Volvemos a preguntar: ¿es cierto que nuestra sociedad requiere y exige (cómo expresa la encuesta del CELAG) políticas más claras, más firmes, a favor de la reparación y la justicia social? ¿Cuán nítido es eso que Antes de Cristo llamábamos “nivel de conciencia”? ¿Tiene cómo expresarse, eso, para contener, defender y empujar al gobierno de Alberto Fernández, sable en mano? Estas preguntas tienen estrechísima relación con la cultura política que vivimos y con los horribles límites de la muy vieja democracia que conocemos.

Hace mil millones de años, en los primeros tiempos el viejo kirchnerismo, cuando latían todavía las asambleas del 2001, me pregunté en la revista Lezama (marzo de 2004) si la enorme fortaleza de entonces de Néstor Kirchner en términos de opinión pública podía leerse, paradojalmente, como una debilidad: “Sobre ese mapa Kirchner está solo con su alma. Apenas con su imagen, sus puñados de fieles, otros de quién sabe qué y bordados de sobrevivencia con quien se pueda (…) Suma virtual de millones. ¿Cómo ata el kirchnerismo a sus masas sueltas? Sin articulaciones, sin espacios ni sujetos colectivos, sin tejido social, sin canales de contención o diálogo, ¿a quién le tocará el timbre el ciudadano suelto en caso de necesitarlo? ¿Y si de veras hubiera que convocar a la causa nacional, iría? Es solo una manera de verlo y hay otras: Kirchner cuenta con un populoso 70 u 80% (de aprobación) y a la vez está solo”.

Es cierto, en alguna manera –limitada- el kirchnerismo construyó poder social a lo largo de los años, cosa que en pandemia no puede expresar el gobierno de Alberto Fernández.

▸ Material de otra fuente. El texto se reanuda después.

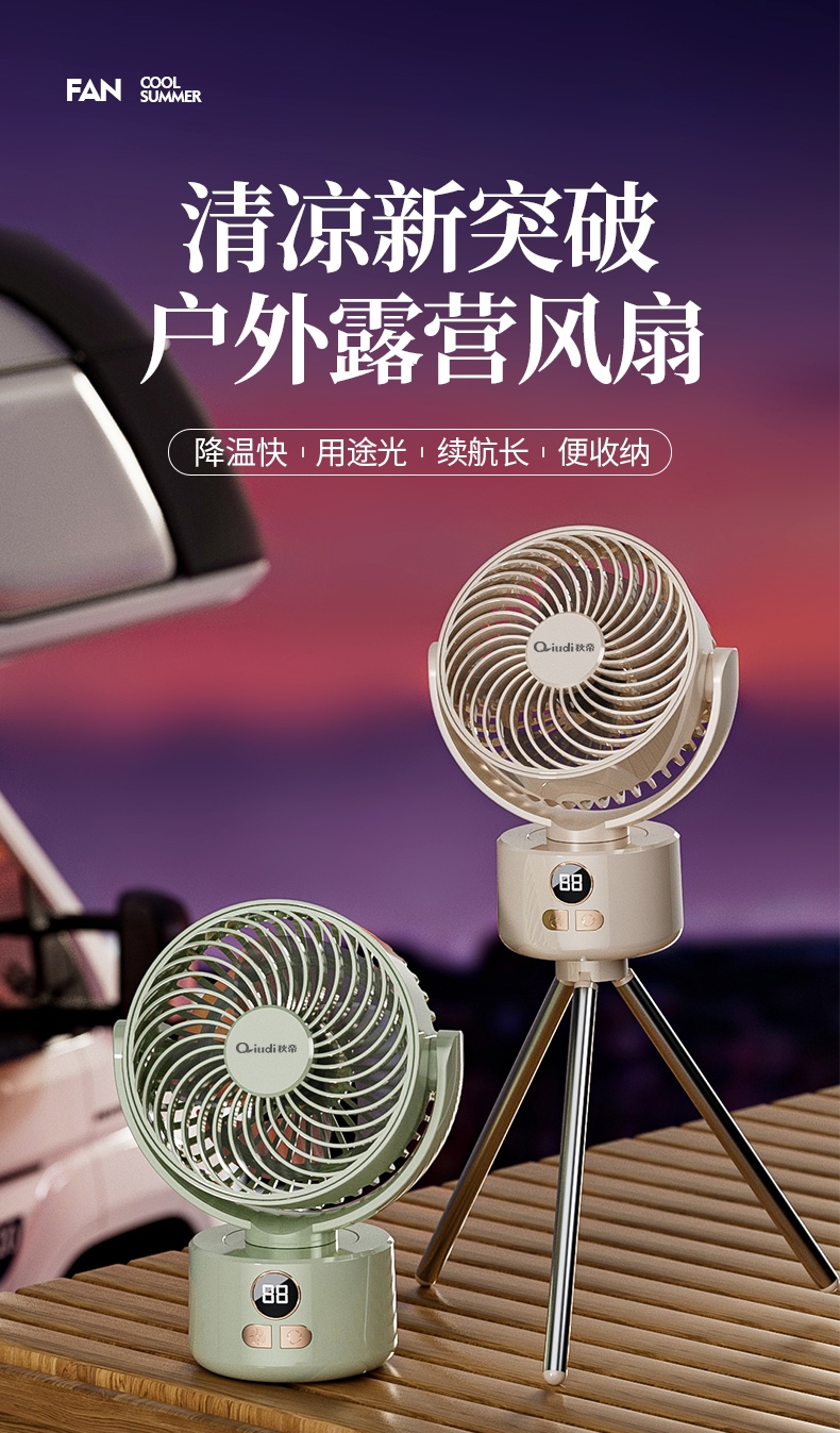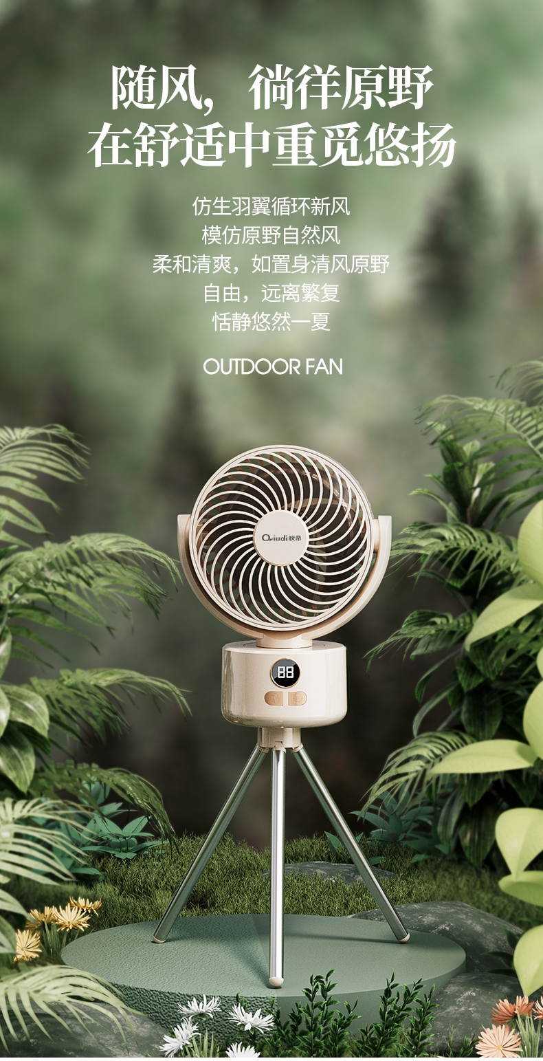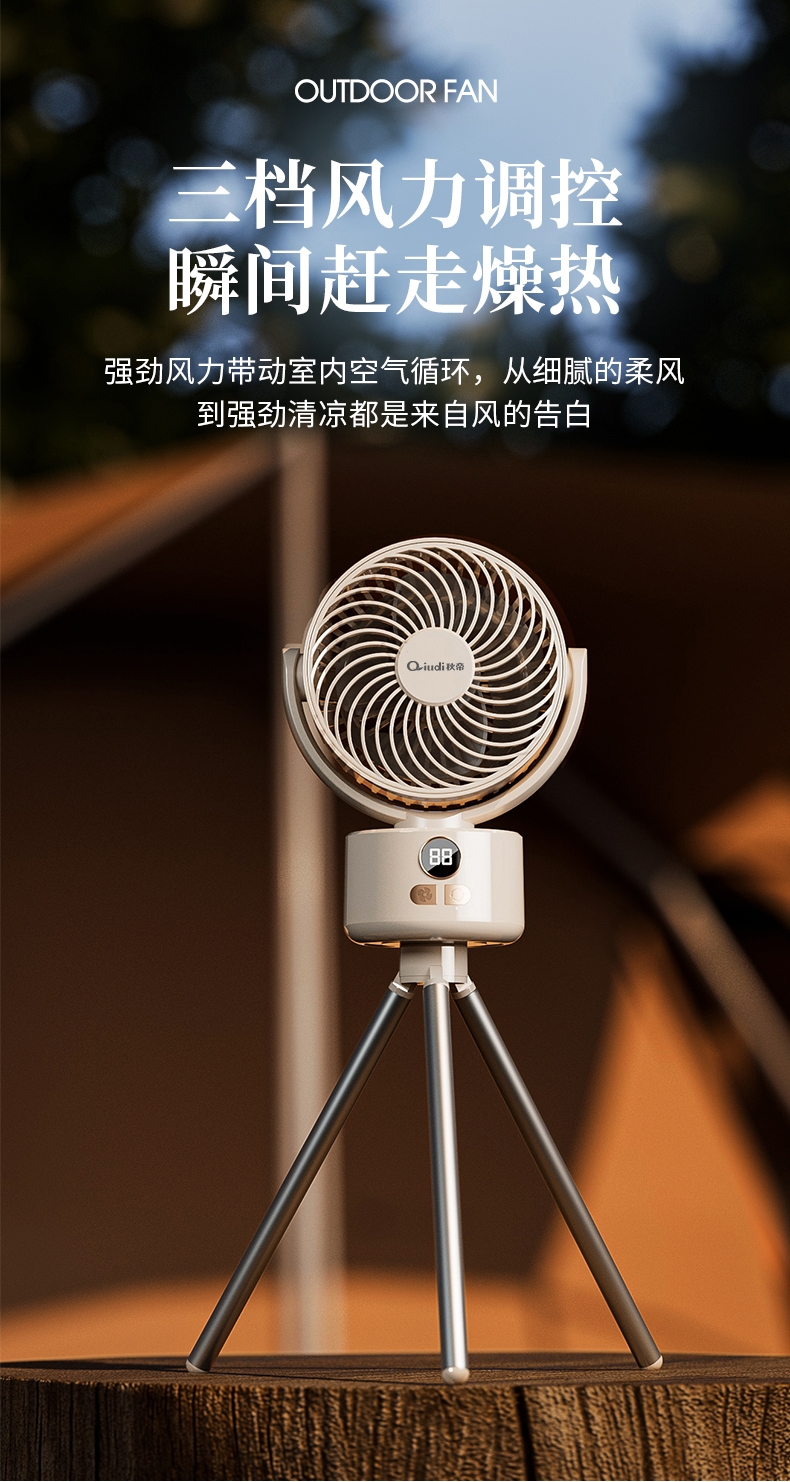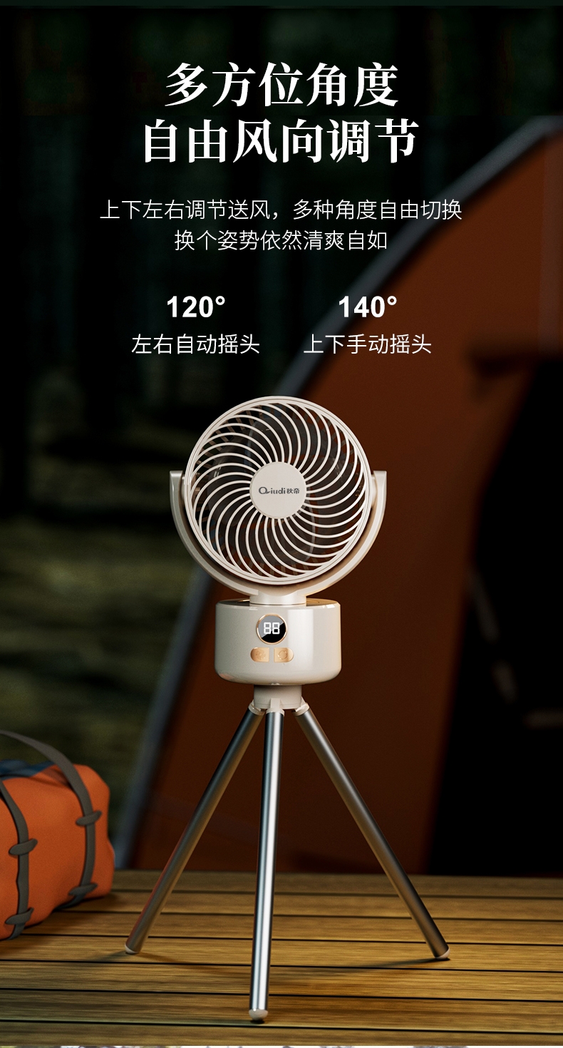 秋帝 露营风扇支架循环空气扇摇头风扇QD-CC119
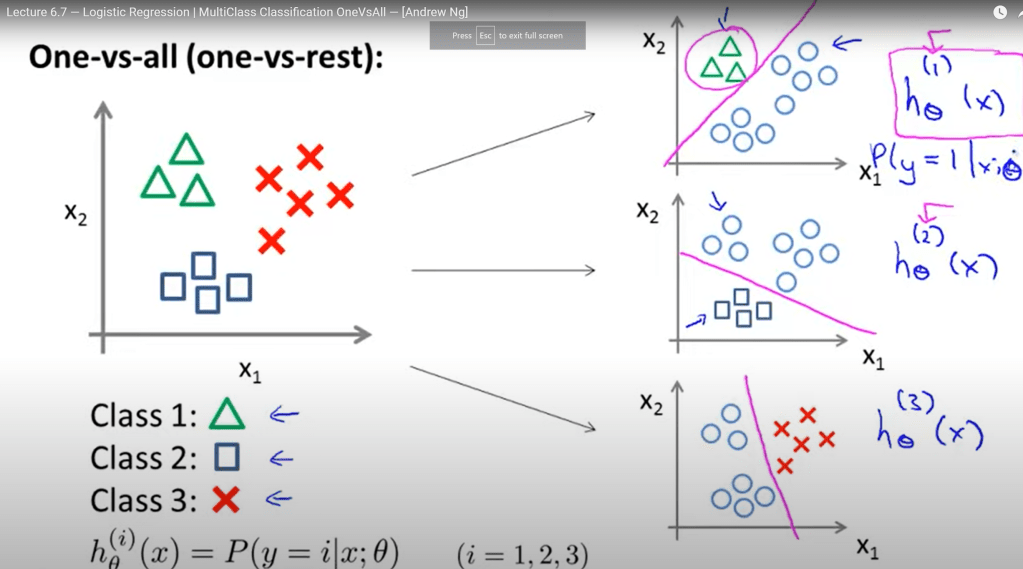 Along the same vein, we can apply the same approach to solve multi-classification problem by using one-versus- all(one-versus-rest) method, which goes through the binary logistic regression one by one:
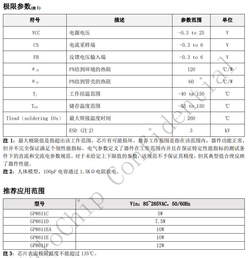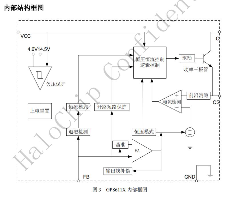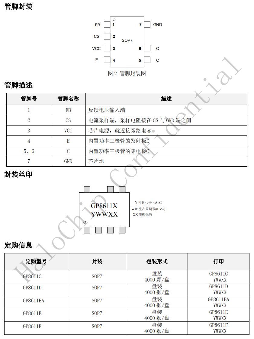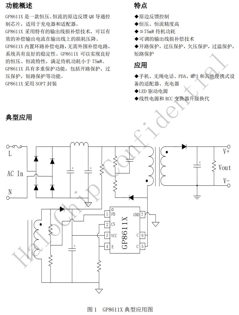 GP8611X內置環路補償電路,無需外圍補償電路,系統具有良好的穩定性。GP8611X可以實現良好的恒壓、恒流特性,滿足待機功耗小于75mW。GP8611X具有多重保護功能,包括開路保護,過壓保護,短路保護等功能。GP8611X采用SOP7封裝
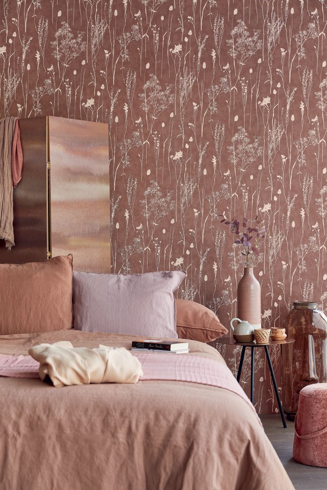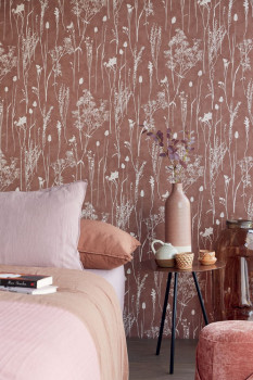 Vliestapete mit feinplastischer Oberfläche, Wiesenpflanzenmotiv in Weiß-/Altrosatönen, Terrakotta Hintergrund.
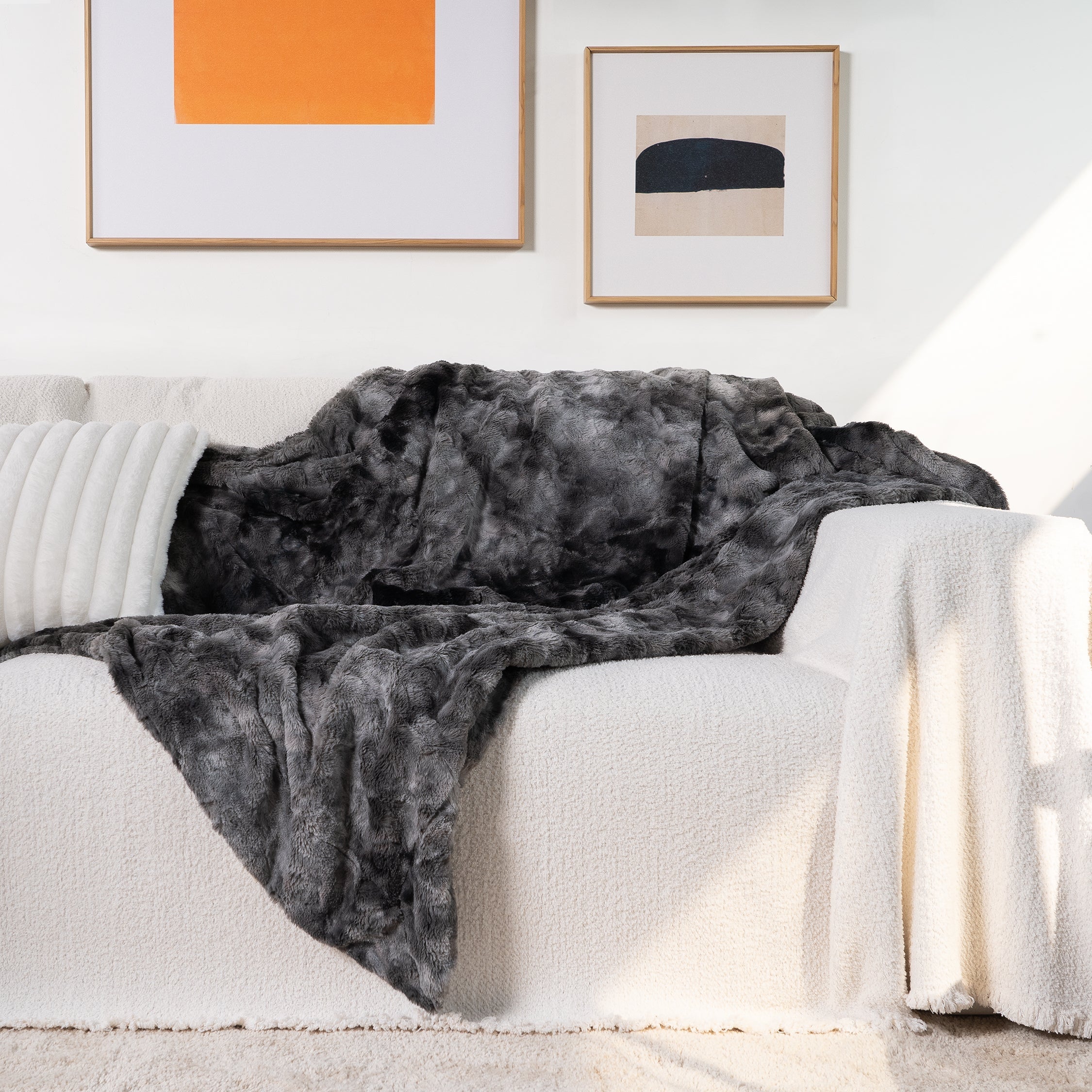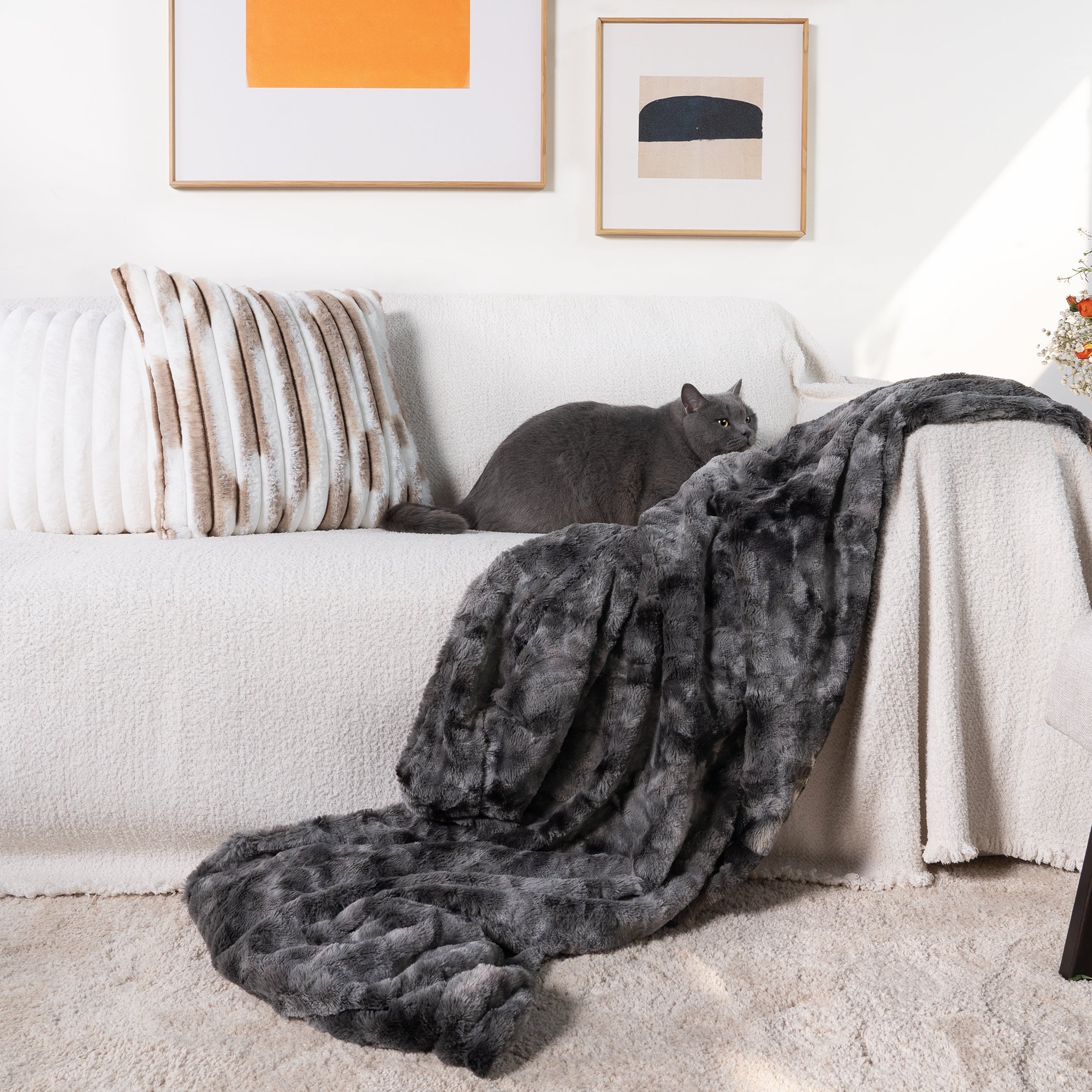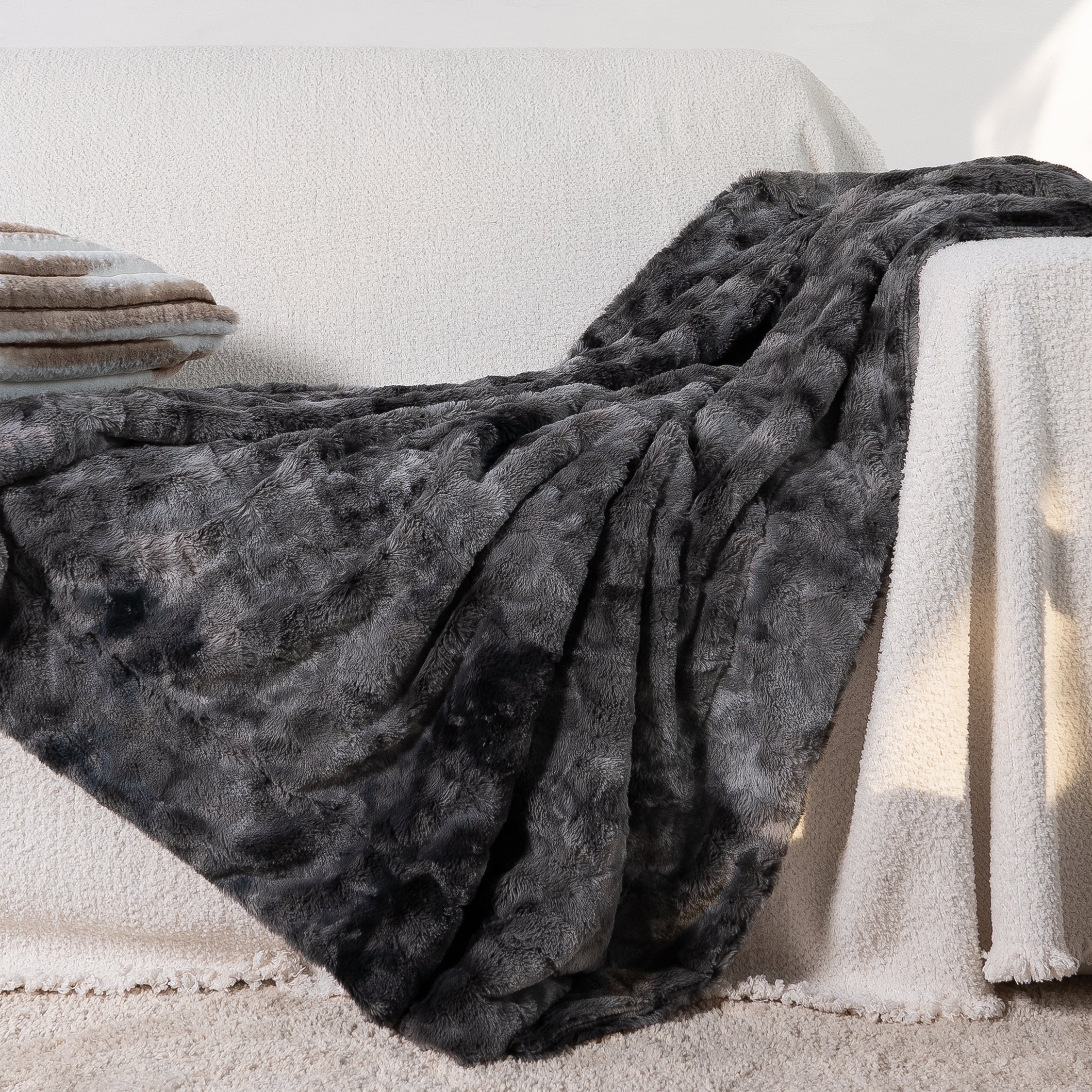 Denna dubbelsidiga filt är designad med plyschig, lurvig fuskpäls på ena sidan och extremt mjuk sherpa på den andra, och erbjuder extremt mysig komfort för en elegant upplevelse året runt. Den dubbelsidiga fuskpälsfilten upprätthåller en idealisk balans mellan vikt och värme, perfekt för att gosa hemma, på resor, campingturer eller var som helst däremellan. Njut av den mjuka och lugnande omfamningen av denna filt när du är redo att mysa. Det är den perfekta ultramjuka presenten till kvinnor, män, barn och till och med dina husdjur.
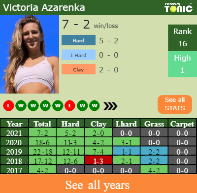 The Belarussian has an overall 7-2 win-loss record in 2021, 2-0 on clay (See FULL STATS).
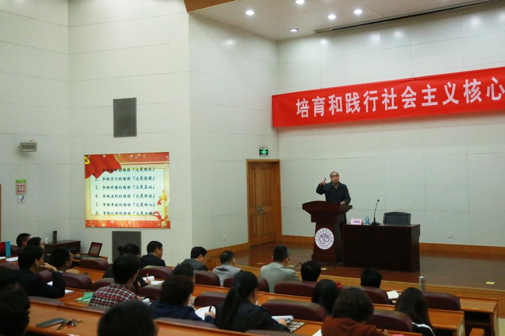 4月19日下战书,隶属初级技校(下职部)举行“践止社会主义重心代价不雅”博题讲述会。讲述会约请天津师范年夜教本副校级巡察员,天津市延安肉体钻研会副书记少、天津市闭工委老做部宣道团成员王辅成传授干讲述。校党委宣扬部部少吴让汉、隶属初级技校(下职部)齐体班子成员列席,隶属初级技校(下职部)齐体师死党员、教员工主干参与了倾听。

Alberto tiene menos que eso que tuvieron Néstor y CFK en sus buenos tiempos. Cristina cuenta con su tercio de querendones y dos tercios medio que la detestan. Es más: finalizada la experiencia kirchnerista, con sus muchas primaveras, y pese al surgimiento de nuevos espacios políticos y movimientos sociales, cuando llegó la hora de la derrota quedamos culo al aire, llegó Macri, arrasó con todo.

¿Qué hacer, dijo Lenin, con cancha inclinada?

Acá solo se formulan las preguntas, no las respuestas. La única convicción del que escribe es que gobernar en pandemia se parece mucho a manejar en ruta con niebla y hielo en la calzada.